Juan José 'Juanjo' Camacho Barnola (born 2 August 1980) is a Spanish former footballer who played as an attacking midfielder.

He spent most of his professional career with Huesca, appearing in more than 400 official matches for the club and in several Segunda División seasons. He also spent some time in La Liga with Zaragoza, and had a two-year spell in the Scottish Premier League with Livingston.

Club career
Born in Valencia, Valencian Community, Camacho started playing professionally for Real Zaragoza, but appeared almost exclusively for the B team in the Segunda División B, also playing one season in Segunda División with Recreativo de Huelva, on loan. Released in the summer of 2001 he returned to the third division, representing Real Madrid Castilla.

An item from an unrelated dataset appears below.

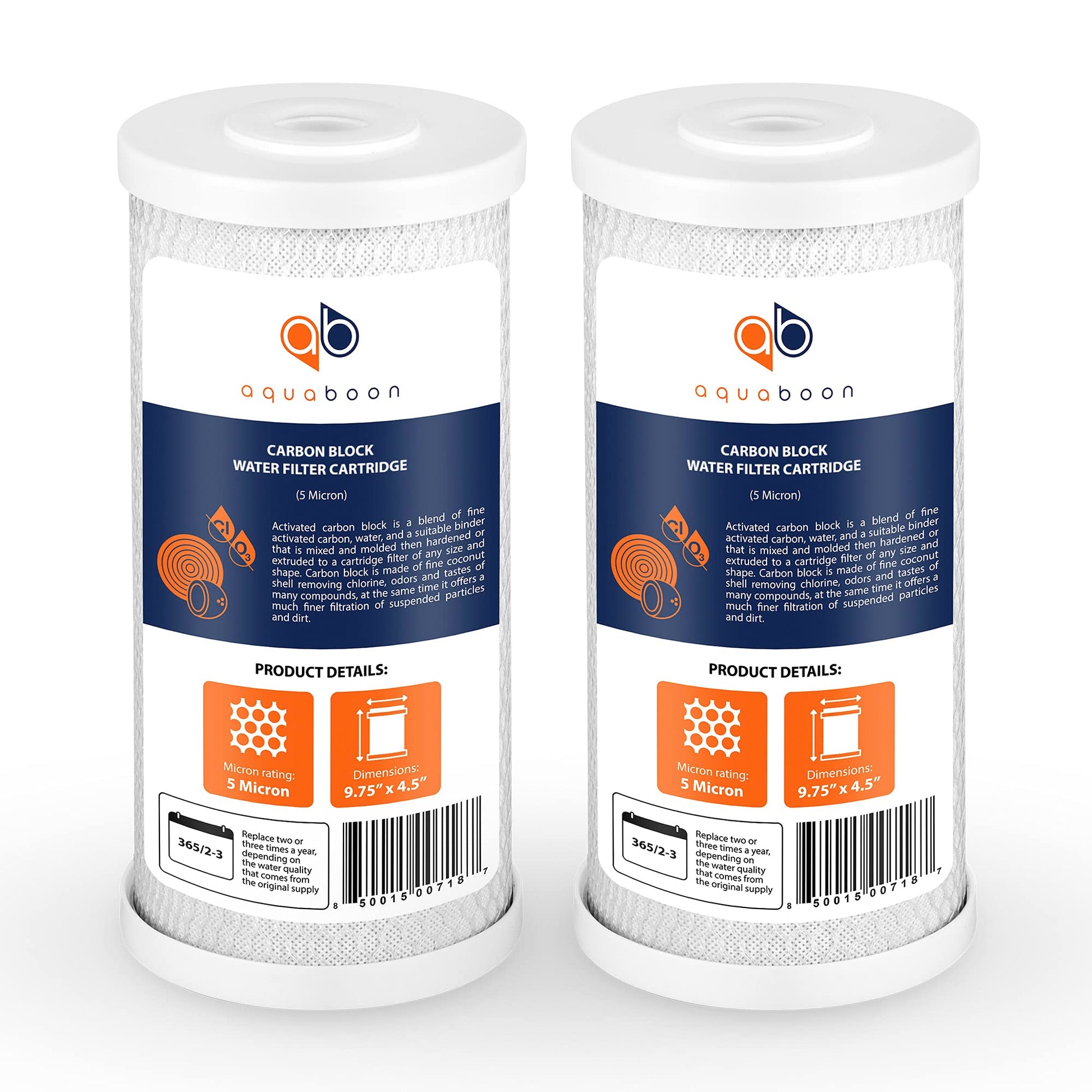 Aquaboon 5 Micron 10x4.5 Carbon Block Water Filters Whole House CTO Water Filter Replacement Cartridge Compatible with FXHTC, CB-BB-10, EP-BB, 2-Pack
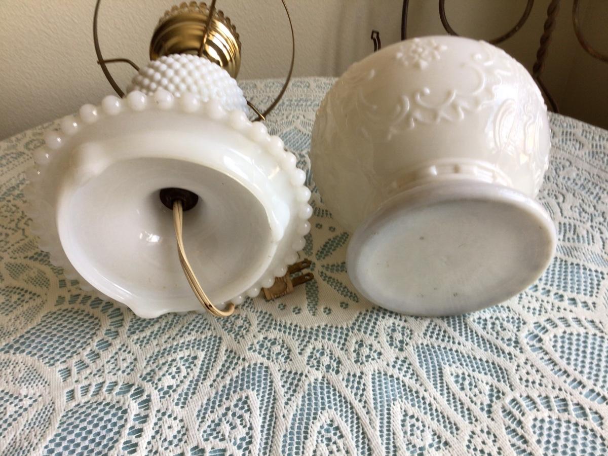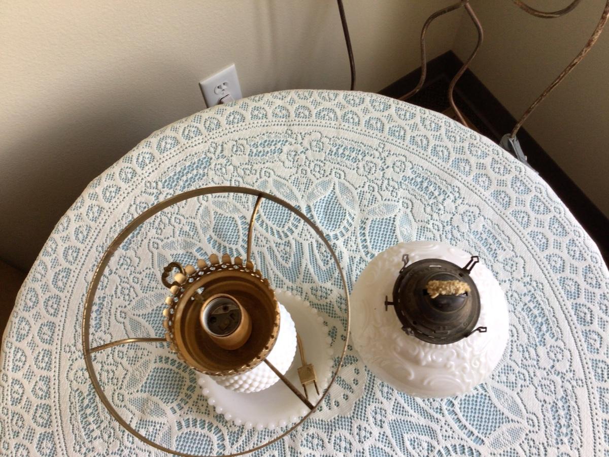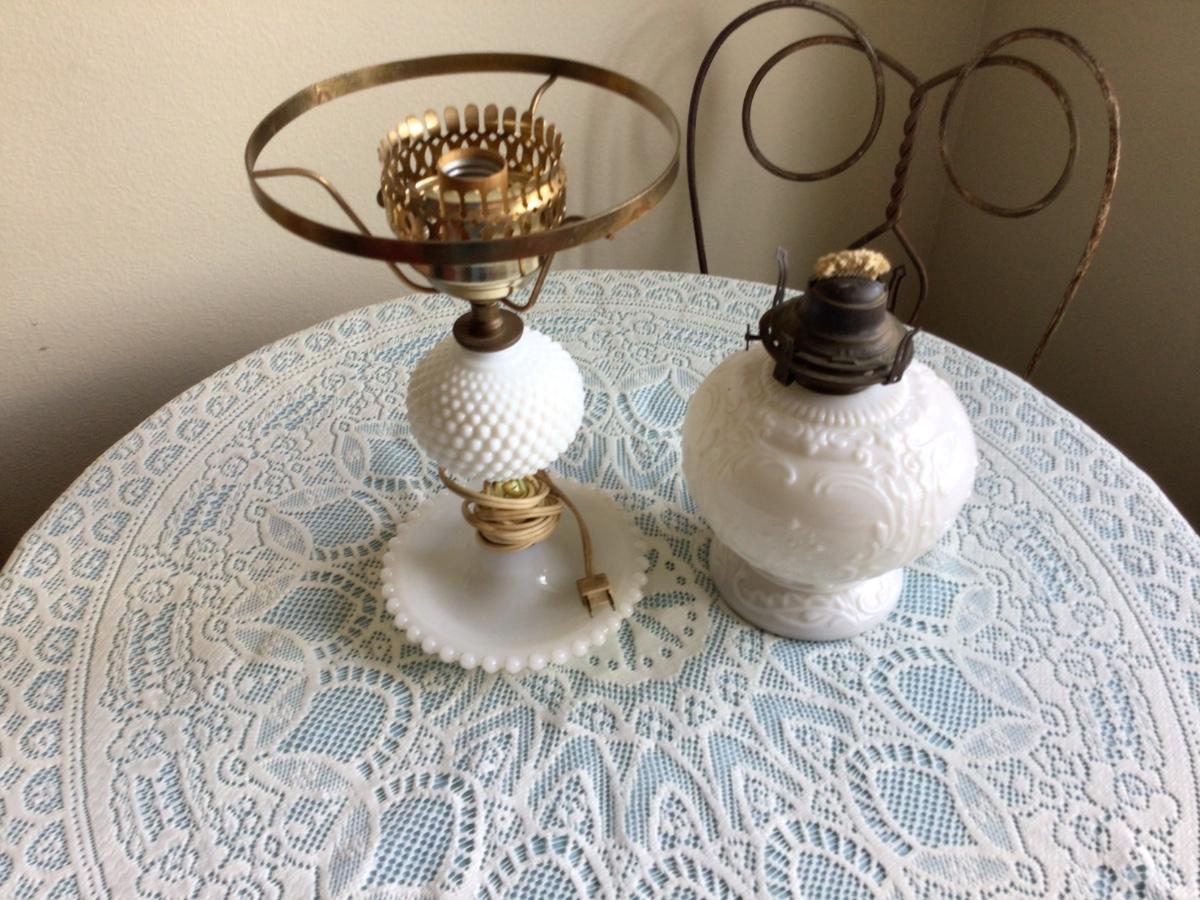 Milk glass oil lamp with no chimney, hobail milk glass electric lamp with no lamp shade.

In the following two years, Camacho played in Scotland for Livingston, teaming up with compatriot Guillermo Amor in his first season and being relatively used overall. He then returned to Zaragoza, but could only make five La Liga appearances, all in the closing stages of 2004–05, being again almost exclusively associated with the Aragonese club's reserves and also being loaned to UE Lleida for five months.

Camacho played for two teams in the following two campaigns, SD Huesca and UD Vecindario, both in division three. He returned to Huesca in 2008 with the team now in the second tier, and settled there as first choice the following years; in 2010–11 he scored a career-high 13 goals (squad best), also being their most utilised player overall (3,675 minutes).

On 26 November 2017, in a 2–0 away loss against Granada CF, Camacho appeared in his 400th competitive match for Huesca. He contributed 20 scoreless appearances during that season, as the club reached the top flight for the first time in history.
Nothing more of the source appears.